|By Josh Golden
Senior Vice President, Strategy
It’s 2023. Plan sponsors are struggling with the relentless increase in prescription drug prices. Specialty pharmaceutical costs continue to skyrocket, and the entire system is becoming unsustainable.
But let’s be honest… we were singing the same song in 2022. And 2015. The truth is that traditional PBMs have had 20 years to resolve the drug pricing crisis in the United States. This is the year that we collectively admit that they have failed.
Of course, what we see as a failure to manage drug pricing, most PBMs view as a multi-billion-dollar success. Despite their rhetoric, traditional PBMs have no interest in seeing drug prices decrease. Two of the biggest sources of traditional PBM profit are dispensing margin on specialty drugs and retention of manufacturer rebates. Both are calculated as a factor of list prices – and as those list prices increase, so does your PBM’s profitability. Make no mistake: traditional PBMs want drug prices to go down about as much as you want your 401(k) balance to decrease.

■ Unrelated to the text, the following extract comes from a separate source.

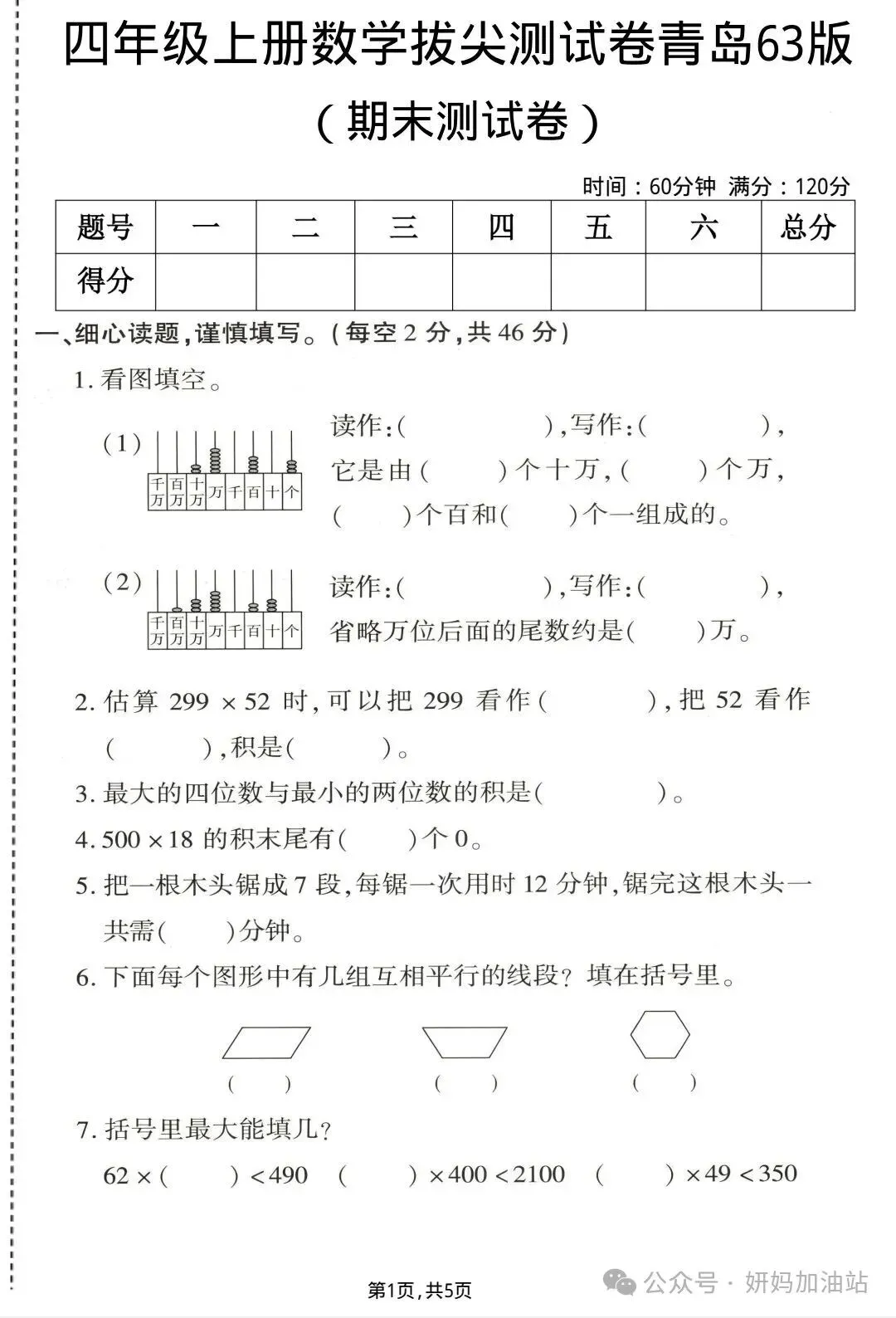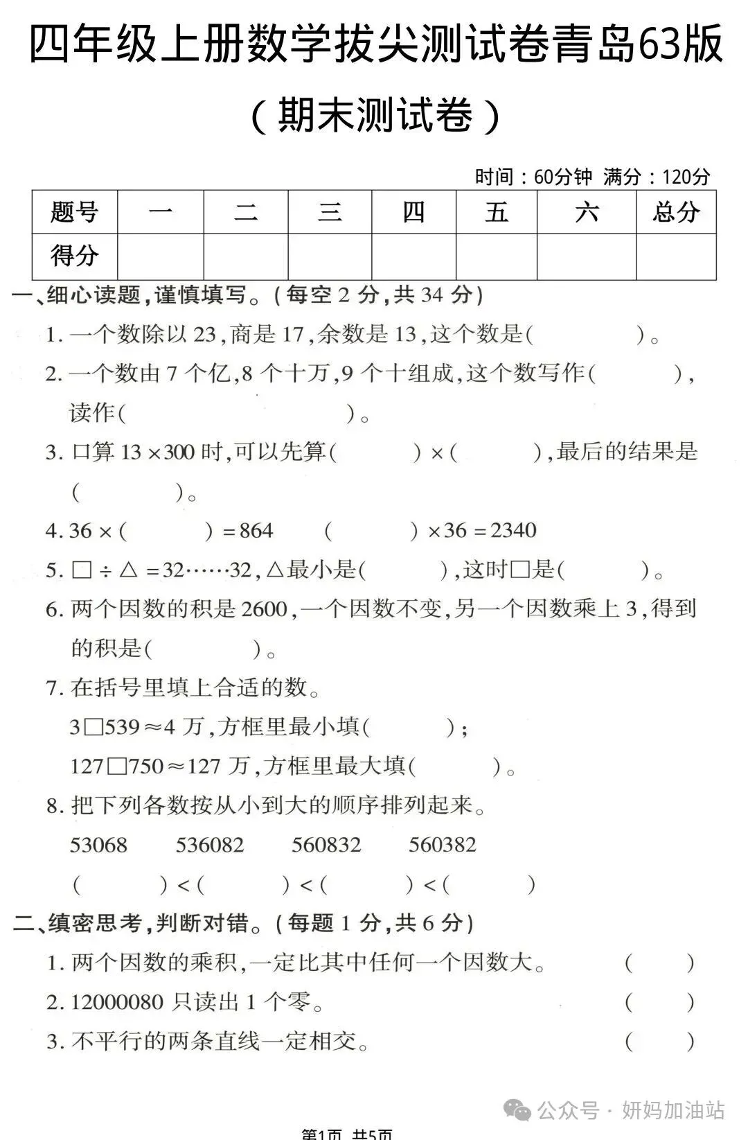 当前位置:首页>青岛>【青岛63版】25秋四年级上册数学《期末质量检测卷》(共5套)含答案电子版可打印下载!

When challenged about their role in drug price inflation, traditional PBMs often point to forces outside their control. After all, pharmaceutical companies control average wholesale price (AWP), so they are responsible for drug price inflation, right? But a closer look at supply chain economics reveals that pharma’s net profit on brand drugs may actually be shrinking,1 and generic drugs have been steadily deflating for 10 years or more.2 If prices at the counter continue to rise while manufacturers’ profits fall, where are those dollars all going? They are quietly absorbed by the world’s most sophisticated middleman, the traditional PBM.
Drug Utilization > Drug Price
We know that price is just one part of the drug cost equation. The other part – utilization – has an even greater impact on the total cost that plan sponsors and patients pay.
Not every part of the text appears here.